3.9. Subsequently, the Second Administrative Reforms Commission submitted its 4th Report on “Ethics in Governance” in 2007, wherein in paragraphs 7.1 and 7.2, it was recorded as under:
“7.1 The raison d’etre of vigilance activity is not to reduce but to enhance the level of managerial efficiency and effectiveness in the organisation. Risk-taking should form part of government functioning. Every loss caused to the organisation, either in pecuniary or nonpecuniary terms, need not necessarily become the subject matter of a vigilance inquiry. One possible test for determining the bona-fides could be whether a person of common prudence working within the ambit of the prescribed rules, regulations and instructions, would have taken the decision in the prevailing circumstances in the commercial/operational interests of the organisation.
7.2 Even more than in government, managerial decision-making in public sector undertakings and day-to-day commercial decisions in public sector banks offers considerable scope for genuine mistakes being committed which could possibly raise questions about the bona fides of the decision-maker. The Central Vigilance Commission has recognized this possibility of genuine commercial decisions going wrong without any motive whatsoever being attached to such decisions…”
Consequently, in paragraph 7.9, the recommendations read as under:
“7.9 Recommendations:
a. Every allegation of corruption received through complaints or from sources cultivated by the investigating agency against a public servant must be examined in depth at the initial stage itself before initiating any enquiry. Every such allegation must be analyzed to assess whether the allegation is specific, whether it is credible and whether it is verifiable. Only when an allegation meets the requirements of these criteria, should it be recommended for verification, and the verification must be taken up after obtaining approval of the competent authority. The levels of competent authorities for authorizing verifications/enquiries must be fixed in the anti-corruption agencies for different levels of suspect officers.
b. In matters relating to allegations of corruption, open enquiries should not be taken up straightaway on the basis of complaints/source information.

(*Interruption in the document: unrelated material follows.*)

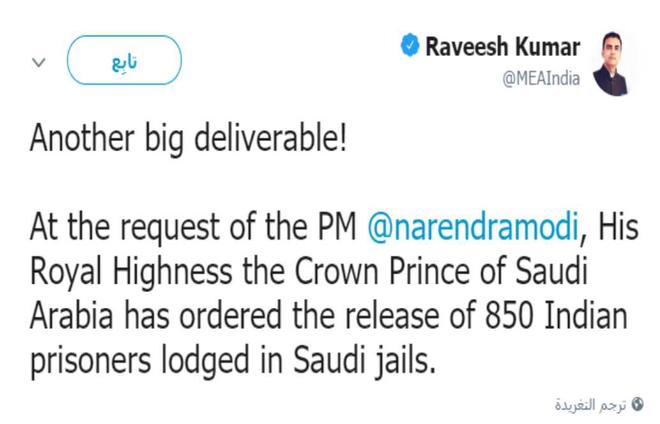 At the request of the PM @narendramodi, His Royal Highness the Crown Prince of Saudi Arabia has ordered the release of 850 Indian prisoners lodged in Saudi jails. pic.twitter.com/jIVTCbIRLa— Raveesh Kumar (@MEAIndia) ٢٠ فبراير ٢٠١٩

When verification/secret enquiries are approved, it should be ensured that secrecy of such verifications is maintained and the verifications are done in such a manner that neither the suspect officer nor anybody else comes to know about it. Such secrecy is essential not only to protect the reputation of innocent and honest officials but also to ensure the effectiveness of an open criminal investigation. Such secrecy of verification/enquiry will ensure that in case the allegations are found to be incorrect, the matter can be closed without anyone having come to know of it. The Inquiry/Verification Officers should be in a position to appreciate the sensitivities involved in handling allegations of corruption.
c. The evaluation of the results of verification/enquiries should be done in a competent and just manner. Much injustice can occur due to faulty evaluation of the facts and the evidence collected in support of such facts. Personnel handling this task should not only be competent and honest but also impartial and imbued with a sense of justice.
xxx”
3.10. In the year 2013, an amendment to Section 6A of the DSPE Act, 1946 was sought to be made and a Bill was introduced in that regard. In Subramanian Swamy, this Court struck down Section 6A of the DSPE Act, 1946 by, inter alia, holding that the provision created an impermissible classification based solely on the status of the public servant in Government service (Joint Secretary and above in the Union and certain Public Sector Undertakings (PSUs) Executives), in the matter of initiation of an enquiry/investigation under the provisions of the Act.
3.11. As a result, the Law Commission of India considered the Prevention of Corruption (Amendment) Bill, 2013 along with the proposed amendments in its 254th Report and gave its recommendations thereon. The Rajya Sabha Select Committee, 2016 sought opinions from stakeholders by holding certain consultations and thereafter made its recommendations and suggested amendments to the proposed Section 17A of the Act. On 26.07.2018, both the Houses of Parliament after debating the same, passed the Bill which received the assent of the President and was brought into force from that date. In this case, the vires of Section 17A of the Act is under challenge.
Submissions on behalf of the Petitioner:
4. Sri Prashant Bhushan, learned counsel for the petitioner at the outset submitted that the impugned amendment to the Act in the form of Section 17A renders the entire scheme of the said Act, ineffective, as it protects corrupt officials and would lead to an exponential rise of corruption in the country.
4.1. It was contended that the introduction of Section 17A functions as the third attempt by the Union of India to bring in a provision that requires prior approval for the purpose of initiating a bare investigation, despite similar attempts having been thwarted earlier by this Court in the case of Vineet Narain and Subramanian Swamy. That this Court in the aforesaid two judgments has found that provisions protecting public servants in a manner that would prevent the investigating agencies from even being able to collect material relating to an allegation is a form of curtailing their power and preventing their independence of functioning.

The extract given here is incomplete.